Similar forces are paving the way for mass acceptance of bitter food and drink. At a time when we’re increasingly talking about “superfoods,” they’re seen to be healthier. Bitter foods—coffee, alcohol and bitter chocolate—have long been known to stimulate the nervous system. The first alcoholic bitters were sold as digestive aids, often with a fake doctor’s imprimatur. Growing awareness of the salutary benefits of bitter plants, packed with anti-oxidant and phytochemical properties, is another selling point, as seen in the fashionability of “bitter green” juices. There’s also growing medicinal crossover: McLagan writes that wormwood, a plant toxic in high doses, is being investigated as a cancer treatment at the University of Pennsylvania.

Appreciation of bitter tastes is also a mark of culinary sophistication, a clear line in an arrested-development culture between grown-ups and children. Sweet is the first taste humans crave—and the last to leave them. Most young children reject bitter instinctively, believed to be the result of an evolutionary protective mechanism, in that only a tiny portion of poison is required to kill them. One must grow into appreciation of bitter flavours. Who enjoyed their first olive? Or first sip of coffee?

The introduction of bitter ingredients forces reflection, a fact true both in life and cuisine. “Sometimes it stops you in your tracks and makes you think about what you’re eating,” McLagan says. “It makes you concentrate; we don’t do that enough anymore.” That’s also true when drinking bitters-infused alcohol, says Coster. Unlike sugar-bomb cocktails, they must be savoured, he says: “They’re sipping drinks, not gulping drinks.”
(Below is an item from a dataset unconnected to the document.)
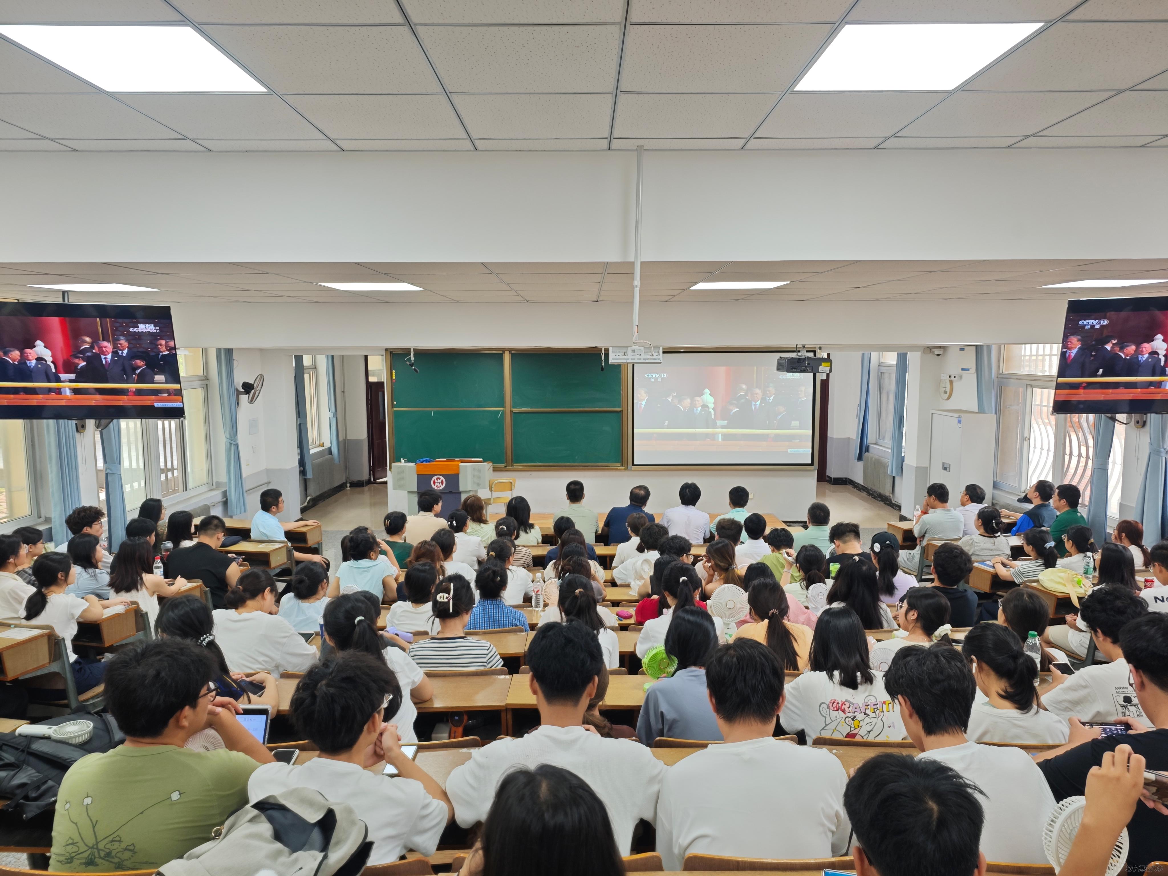 组织部分在校教师以及学生代表在外语楼第二合堂教室共同观看直播,激发师生爱国热情,现场气氛庄重热烈。
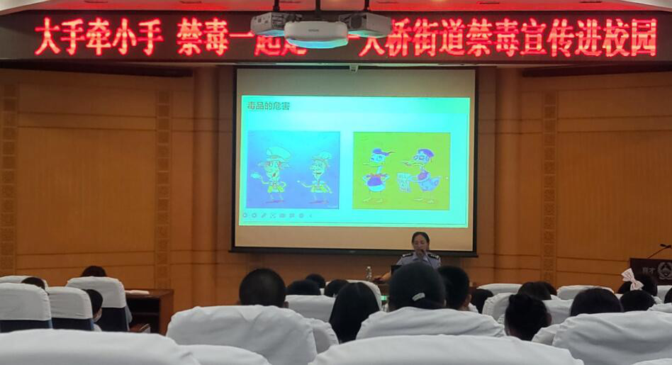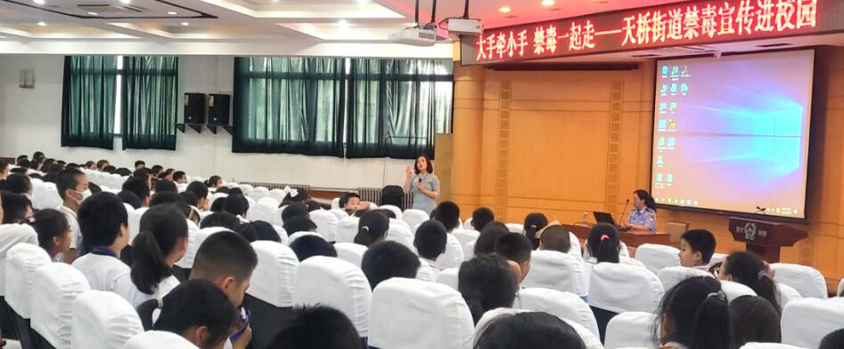 天桥街道禁毒工作站在育才学校组织开展禁毒宣传进校园活动,西城分局禁毒大队民警给400余名师生带来了一堂内容丰富、形式生动的禁毒知识宣讲课,结合青少年生理和心理特点,围绕“什么是毒品、常见的毒品种类、毒品的危害、案例展示、青少年如何识毒防毒”几个方面,用贴近青少年的“网络”“时尚”语言进行讲解和互动,让同学们更加深刻地了解了禁毒知识,也清楚认识到了毒品对个人、家庭、社会的危害性,切实提升了同学们识毒、防毒、拒毒的意识,为共建无毒校园奠定了坚实的基础。

Expect the quest for “bitter” to become increasingly extreme, given bartenders’ and chefs’ constant need to challenge and excite palates. One need look no further than cocktail menus: Ambergris, a musky, bile-like waste secreted by sperm whales that has been long prized in perfume-making, is a coveted, and much-hyped, ingredient used to make variations on the classic Old Fashioned.

McLagan doesn’t want bitter to be turned into another culinary cage match, as seen with the use of hot spicing. But, just as she was finishing the book, she heard about cow bile—which is bright green and very bitter—gaining vogue among chefs. Whether bile becomes a culinary sweet spot remains to be seen.